Title : Gasification of solid wastes for high-purity hydrogen and syngas production with CO2 capture
Abstract:
To mitigate the escalating challenges posed by global warming, it is imperative to transition from the predominant use of fossil fuels to sustainable alternatives. Gasification of carbonaceous wastes presents a promising solution by converting waste into gas products, hydrogen (H2) and syngas. H2 serves as a clean energy carrier, while syngas acts as a key feedstock for synthesizing valuable chemicals. However, conventional steam gasification requires significant water and energy inputs to enhance H2 production, thus increasing costs and CO2 emissions.
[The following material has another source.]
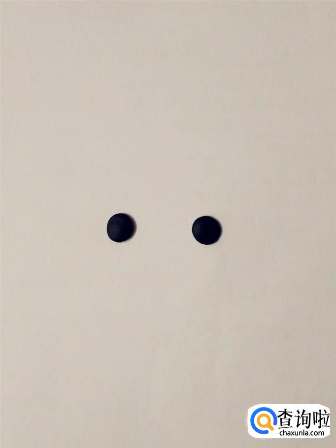 用白色团四个小球,两只眼睛各粘两个小白球,当作眼里的光。

In this research, we propose an in-situ steam gasification of biosolids, utilizing its self-contained moisture and earth-abundant calcium-oxide (CaO) as efficient CO2 adsorbent and catalyst. This approach demonstrates comparable performance to conventional steam gasification process by consuming a large amount of fresh water and energy for generating steam. It yields high-purity H2 (70.2 vol%) in Stage 1 and syngas (93.3 vol%) in Stage 2. The molar ratio of H2 to CO in Stage 2 was 2.0, an optimal composition of syngas to be directly used as feedstocks for downstream processing. Additionally, the low-energy content of biosolids was compensated by introducing waste plastics as a co-gasification feedstock. When the plastic/biosolid blend ratio is 1:6, a highest syngas yield of 500 NmL/gdry waste and a highest energy recovery efficiency of 43.5% is achieved. Furthermore, by introducing CO2 into a Stage 3, an additional CO production up to 147 NmL/gdry waste was obtained when the CO2 concentration was 25 vol%, confirming that captured CO2 can be utilized as an efficient gasification agent for maximizing carbon conversion. This novel process not only enhances the energy recovery efficiency from solid wastes but also contributes to negative net CO2 emissions in waste gasification.